▸ **Given entries**
* * * * * * *

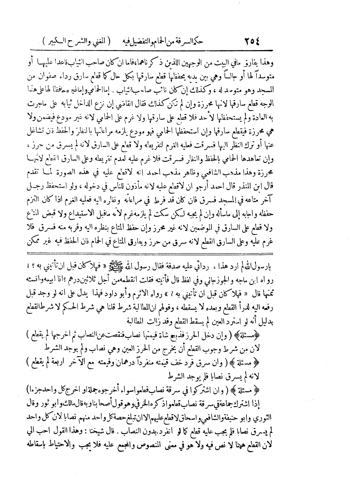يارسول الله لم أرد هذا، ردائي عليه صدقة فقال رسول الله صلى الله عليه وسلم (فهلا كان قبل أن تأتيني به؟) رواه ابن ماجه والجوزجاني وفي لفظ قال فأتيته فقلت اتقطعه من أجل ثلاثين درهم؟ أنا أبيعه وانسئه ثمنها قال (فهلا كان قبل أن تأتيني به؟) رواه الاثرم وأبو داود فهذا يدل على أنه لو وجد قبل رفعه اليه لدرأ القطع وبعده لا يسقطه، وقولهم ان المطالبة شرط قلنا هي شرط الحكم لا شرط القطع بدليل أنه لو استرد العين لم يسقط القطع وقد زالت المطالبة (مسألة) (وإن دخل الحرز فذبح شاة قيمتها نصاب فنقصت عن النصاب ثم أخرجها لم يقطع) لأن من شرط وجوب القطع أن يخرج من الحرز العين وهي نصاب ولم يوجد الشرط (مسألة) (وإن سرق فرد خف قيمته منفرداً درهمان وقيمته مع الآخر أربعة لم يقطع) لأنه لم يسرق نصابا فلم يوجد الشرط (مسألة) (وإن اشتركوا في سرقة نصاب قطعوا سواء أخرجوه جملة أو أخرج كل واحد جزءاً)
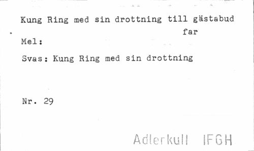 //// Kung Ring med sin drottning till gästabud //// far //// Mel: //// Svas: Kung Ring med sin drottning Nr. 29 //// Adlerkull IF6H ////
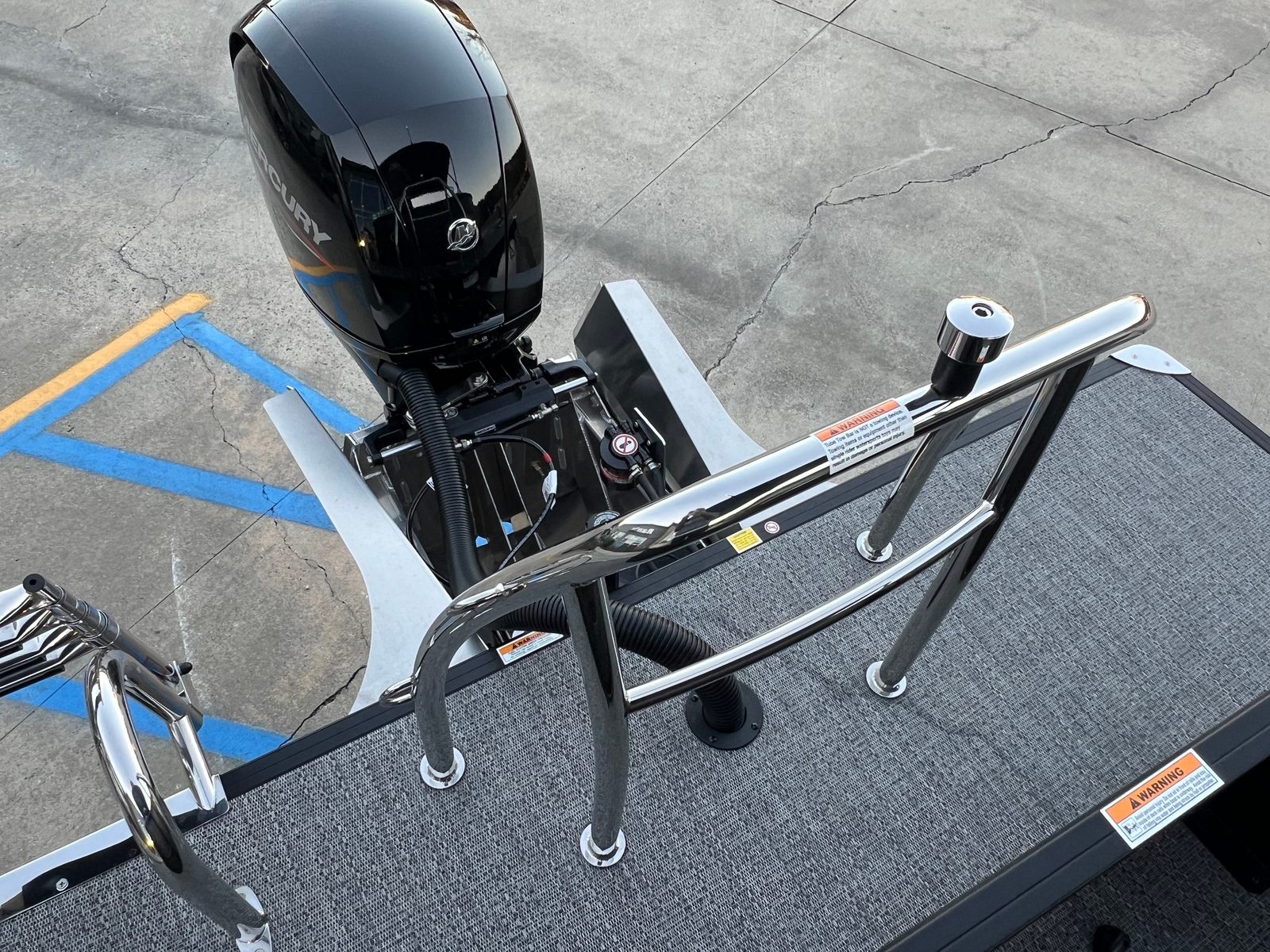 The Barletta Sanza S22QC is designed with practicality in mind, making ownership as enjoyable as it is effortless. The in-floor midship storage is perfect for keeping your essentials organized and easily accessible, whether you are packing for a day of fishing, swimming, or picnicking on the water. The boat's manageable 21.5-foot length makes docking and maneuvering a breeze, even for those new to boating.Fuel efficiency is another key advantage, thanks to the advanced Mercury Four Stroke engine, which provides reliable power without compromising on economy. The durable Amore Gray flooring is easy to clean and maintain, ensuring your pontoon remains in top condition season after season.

* * * * * * *

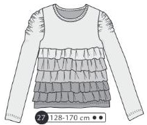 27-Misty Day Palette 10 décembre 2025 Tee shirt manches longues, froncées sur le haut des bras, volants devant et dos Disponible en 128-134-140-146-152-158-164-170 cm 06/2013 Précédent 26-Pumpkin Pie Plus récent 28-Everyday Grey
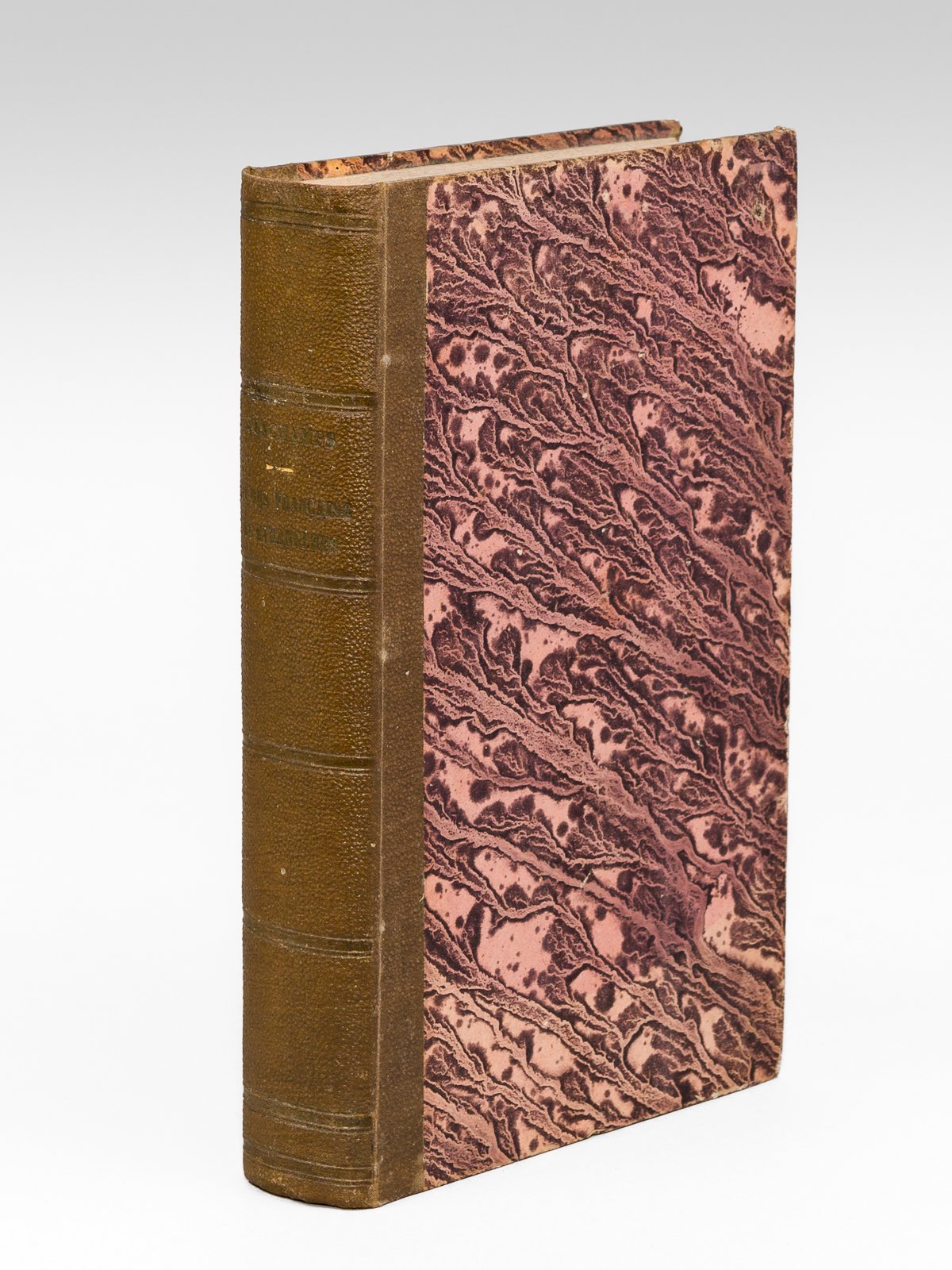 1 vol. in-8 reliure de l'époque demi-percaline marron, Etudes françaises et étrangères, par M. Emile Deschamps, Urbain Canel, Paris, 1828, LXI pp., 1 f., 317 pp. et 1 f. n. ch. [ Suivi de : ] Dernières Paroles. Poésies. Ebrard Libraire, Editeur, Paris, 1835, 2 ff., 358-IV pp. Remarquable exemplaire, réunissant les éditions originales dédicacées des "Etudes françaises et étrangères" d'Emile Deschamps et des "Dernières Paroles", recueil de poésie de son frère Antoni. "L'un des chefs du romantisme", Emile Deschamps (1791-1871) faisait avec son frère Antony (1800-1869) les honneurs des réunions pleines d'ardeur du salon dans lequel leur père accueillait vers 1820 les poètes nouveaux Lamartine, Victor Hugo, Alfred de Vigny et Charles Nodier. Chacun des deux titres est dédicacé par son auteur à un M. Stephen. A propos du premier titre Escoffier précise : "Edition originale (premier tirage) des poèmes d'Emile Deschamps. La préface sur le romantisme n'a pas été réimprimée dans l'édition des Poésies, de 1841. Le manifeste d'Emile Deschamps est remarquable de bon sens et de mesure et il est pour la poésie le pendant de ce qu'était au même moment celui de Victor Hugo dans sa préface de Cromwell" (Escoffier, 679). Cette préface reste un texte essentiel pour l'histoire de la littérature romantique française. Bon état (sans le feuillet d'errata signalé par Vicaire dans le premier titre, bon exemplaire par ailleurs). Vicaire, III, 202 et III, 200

* * * * * * *

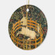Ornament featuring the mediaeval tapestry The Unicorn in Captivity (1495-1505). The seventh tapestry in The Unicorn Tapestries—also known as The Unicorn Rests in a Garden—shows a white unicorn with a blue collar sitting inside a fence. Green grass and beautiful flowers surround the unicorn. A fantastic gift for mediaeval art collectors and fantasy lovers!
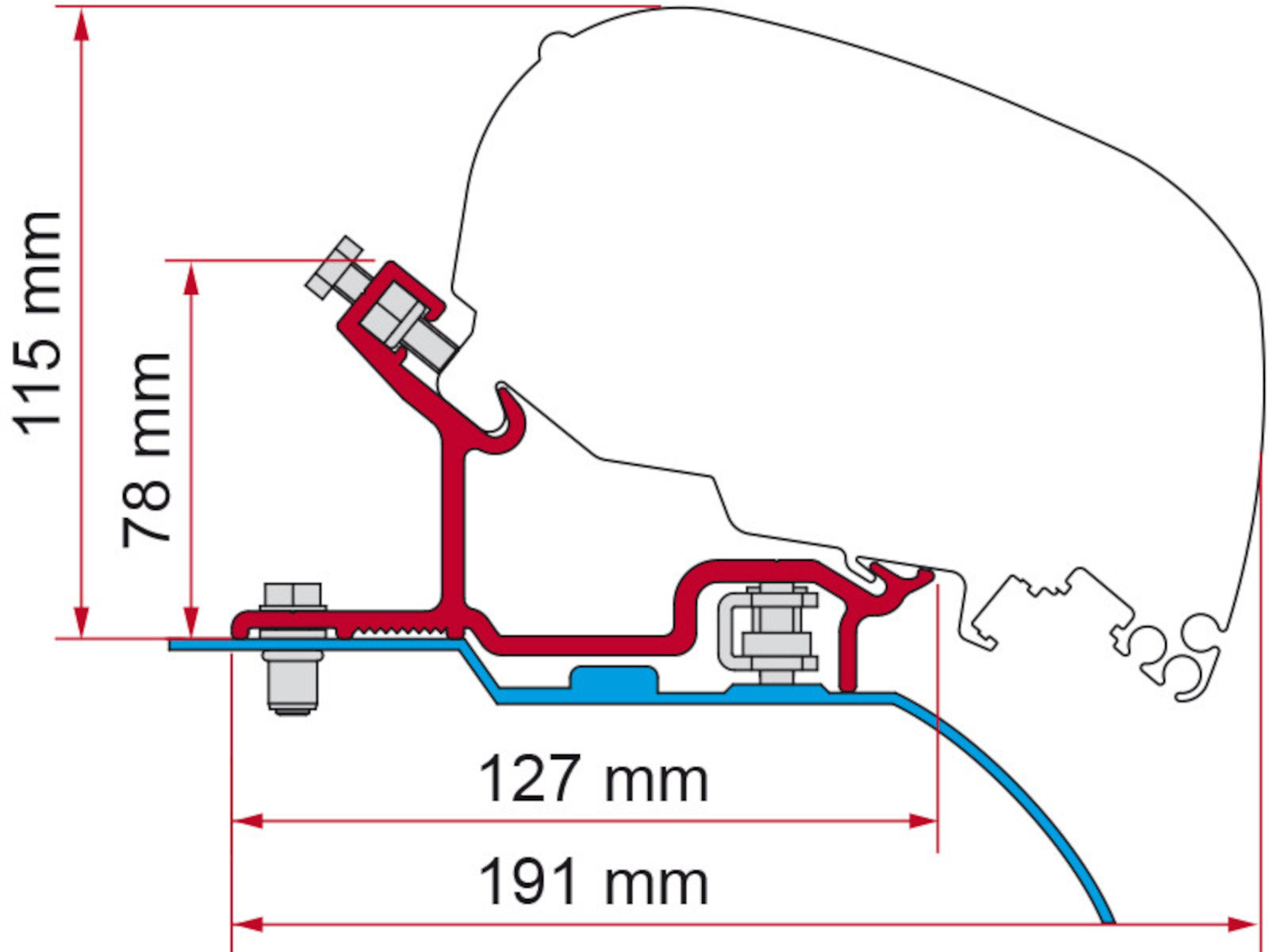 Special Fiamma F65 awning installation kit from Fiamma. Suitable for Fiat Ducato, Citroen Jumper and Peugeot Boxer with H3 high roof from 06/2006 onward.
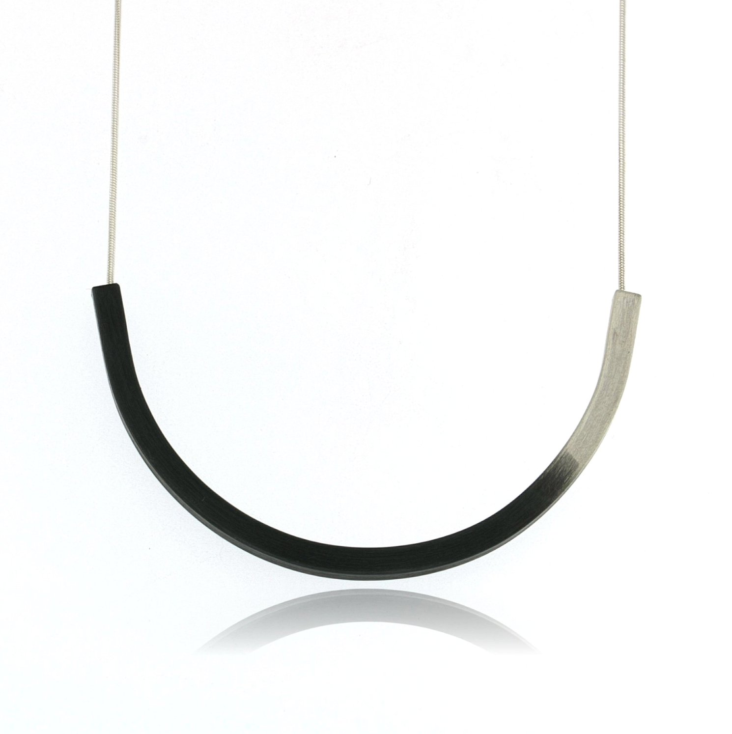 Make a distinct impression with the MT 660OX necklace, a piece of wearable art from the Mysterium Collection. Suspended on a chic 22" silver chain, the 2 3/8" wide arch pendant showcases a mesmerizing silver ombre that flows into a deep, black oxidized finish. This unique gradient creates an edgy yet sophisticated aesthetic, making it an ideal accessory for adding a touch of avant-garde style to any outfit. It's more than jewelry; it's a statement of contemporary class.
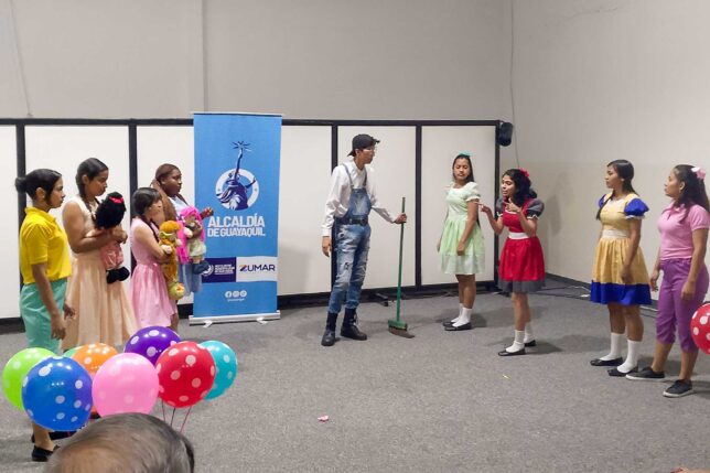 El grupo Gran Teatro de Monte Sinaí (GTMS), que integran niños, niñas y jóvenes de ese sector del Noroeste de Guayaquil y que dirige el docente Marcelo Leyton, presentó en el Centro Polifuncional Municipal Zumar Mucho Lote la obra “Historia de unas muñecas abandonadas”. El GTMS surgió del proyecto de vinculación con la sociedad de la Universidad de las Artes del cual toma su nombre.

* * * * * * *

▸ **Aim of the exercise**
Exactly reproduce the lines above, starting at the one that contains "Special Fiamma F65" and ending at the one that contains "El grupo Gran", both inclusive; leave the pictures out and add no other lines.

▸ **Finished task**
 Special Fiamma F65 awning installation kit from Fiamma. Suitable for Fiat Ducato, Citroen Jumper and Peugeot Boxer with H3 high roof from 06/2006 onward.
 Make a distinct impression with the MT 660OX necklace, a piece of wearable art from the Mysterium Collection. Suspended on a chic 22" silver chain, the 2 3/8" wide arch pendant showcases a mesmerizing silver ombre that flows into a deep, black oxidized finish. This unique gradient creates an edgy yet sophisticated aesthetic, making it an ideal accessory for adding a touch of avant-garde style to any outfit. It's more than jewelry; it's a statement of contemporary class.
 El grupo Gran Teatro de Monte Sinaí (GTMS), que integran niños, niñas y jóvenes de ese sector del Noroeste de Guayaquil y que dirige el docente Marcelo Leyton, presentó en el Centro Polifuncional Municipal Zumar Mucho Lote la obra “Historia de unas muñecas abandonadas”. El GTMS surgió del proyecto de vinculación con la sociedad de la Universidad de las Artes del cual toma su nombre.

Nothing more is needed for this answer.